Шрифт:
Интервал:
Закладка:
Меня это порадовало. И когда в феврале я сообщил дяде Томасу хорошую новость, то мне даже удалось сделать это довольным голосом. Дядя Томас продолжал исследования в медицинской школе, созданной при Гарварде, и снимал жилье в Кембридже, городке близ Бостона, в котором находится Гарвард. Прежде я никогда толком не представлял, чем занимается дядя Томас. Я знал, что он – врач, но не как доктор Кагилл или какой-либо другой доктор, с которыми я сталкивался в прошлом. У него не было приемной на Харли-стрит. Да и пациентов тоже. Работа его проходила в лабораториях при больнице Гая[18] в Лондоне, и до своего решения отправиться в Америку он занимался обнаружением болезней в мертвых телах.
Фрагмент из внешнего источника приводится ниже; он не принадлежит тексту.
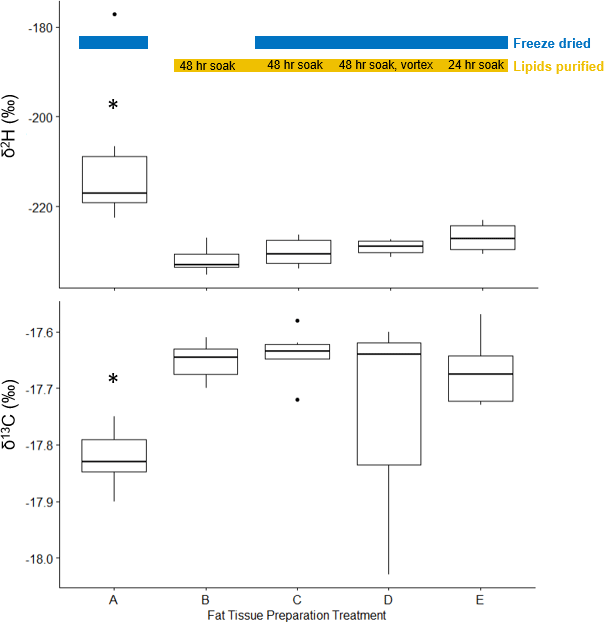 We experimented with fat from the same individual chicken to test whether δ2H and δ13C values varied with different methods of sample preparation. We found that freeze drying had a small but significant impact on δ2H values but not δ13C values. As expected, water in lipid samples likely had different δ2H values than those contained in bird fat, and therefore residual water would alter hydrogen isotope ratios. Other studies involving soft animal tissues freeze dry samples prior to stable hydrogen isotope analysis (e.g., Wassenaar and Hobson 2000a, Hobson et al. 2004b, Keenan and DeBruyn 2019), stable carbon isotope analysis (Podlesak and McWilliams 2007, Génier 2025), and fatty acid analysis of lipids (e.g., Pierce and McWilliams 2005, McCue et al. 2009), and is a recommended preservation method to prevent sample decomposition (Elliot et al. 2023). We therefore recommend freeze drying fat tissue samples prior to lipid purification until there is strong evidence that it is not necessary.
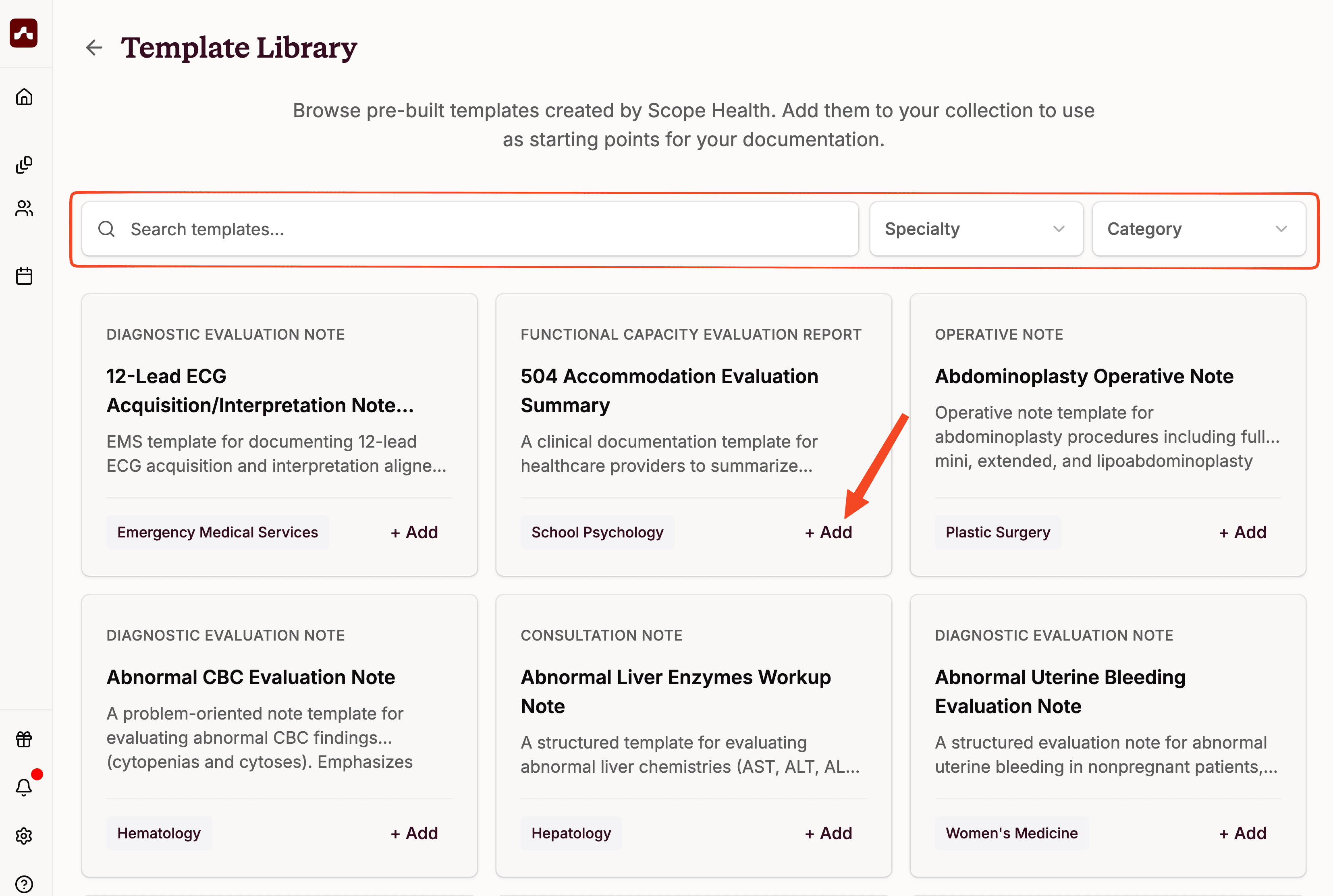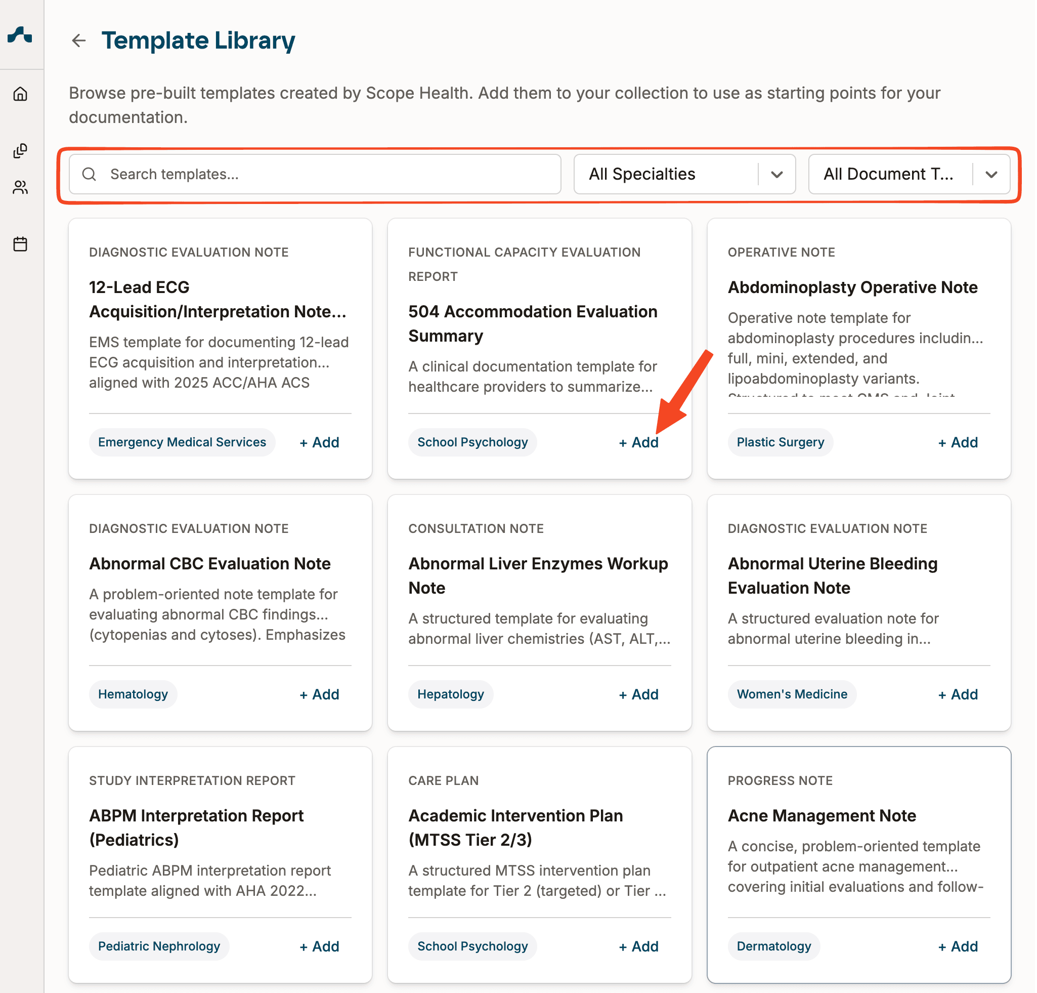 Scope Health provides a comprehensive library of professionally-designed clinical documentation templates, ready to use across every medical specialty.

– Но я устал от патологоанатомии, – признался он мне в своей маленькой гостиной, выходящей на Чарльз-ривер, – а потому решил заняться клинической патологией, исследованием болезни и здоровья живых. Ты знаешь, в патологии есть несколько областей, и наши знания с каждым годом существенно возрастают. Занятно то, что, хотя людей уже много веков интересует изучение болезней, современная патология существует лишь три десятка лет. Меня всегда очаровывала война с болезнями. Дэвид этого никогда не мог понять, но я все время ему твержу: мои исследования похожи на детективные романы – обнаружение улик, выявление причин смерти, решение загадки. Но вскрытиями я уже наелся. Я приобрел в Лондоне известность как патологоанатом, а теперь я хочу покорять новые высоты. – Он объяснил, что мог бы заниматься клинической патологией и в Лондоне, но предпочел приехать в Америку. – Потому что я в конечном счете, как и ты, наполовину американец, и когда не так давно вдруг понял, что мне почти тридцать, а я толком ничего не знаю о стране моей матери, то решил, что мне предоставляется хорошая возможность заполнить этот пробел. Именно свадьба Дэвида и помогла мне принять окончательное решение. Я понял, что должен провести год в Америке, пока хожу в холостяках и свободен поступать так, как мне вздумается.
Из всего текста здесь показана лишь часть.